Truncation was not explicitly activated but `max_length` is provided a specific value, please use `truncation=True` to explicitly truncate examples to max length. Defaulting to 'longest_first' truncation strategy. If you encode pairs of sequences (GLUE-style) with the tokenizer you can select this strategy more precisely by providing a specific strategy to `truncation`.


## Model Building

We are treating each "title" or "description" as its unique sequence, so one sequence will be classified to one of the FW Number labels.

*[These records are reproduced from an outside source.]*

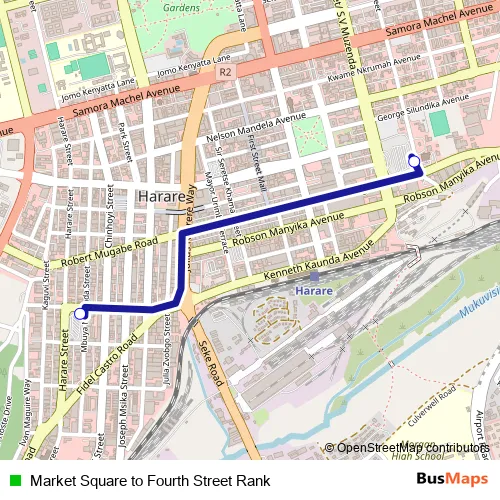 See why over 2 million users trust and consider busmaps.com as the best public transport website. busmaps gives you Harare Buses suggested routes, real-time bus tracker, line route maps in Harare, and helps to find the closest Market Square to Fourth Street Rank bus stops near you. No internet available? Download an offline PDF map and bus schedule for the Market Square to Fourth Street Rank bus to take on your trip.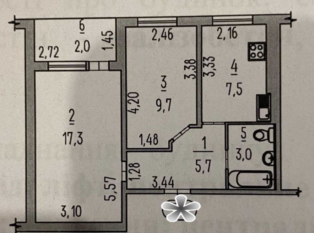 • Площа кухні 7.5 м2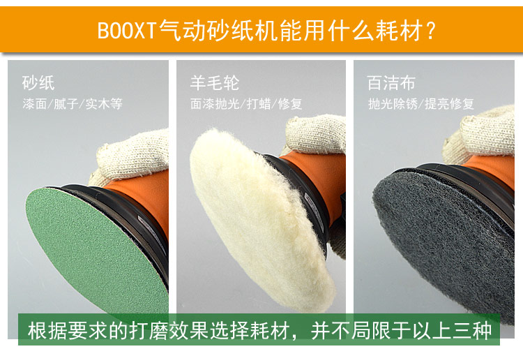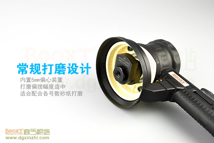 --粗磨偏心度幅度為9.5mm,扭力大,切削能力更大,適合重力打磨。工件一般幅面較大,要求打磨速度快,粗糙的打磨表面,如:玻璃鋼,UV,原子灰等材質(zhì)比較硬的工件,所用砂紙規(guī)格120#以下;

* `bert-base-uncased` is a smaller pre-trained model.
* Using `num_labels` to indicate the number of output labels.
* We don’t really care about `output_attentions`.
* We also don’t need `output_hidden_states`.

In [29]:
model = BertForSequenceClassification.from_pretrained("bert-base-uncased",
                                                      num_labels=len(df["label"]),
                                                      output_attentions=False,
                                                      output_hidden_states=False)

Downloading:   0%|          | 0.00/420M [00:00<?, ?B/s]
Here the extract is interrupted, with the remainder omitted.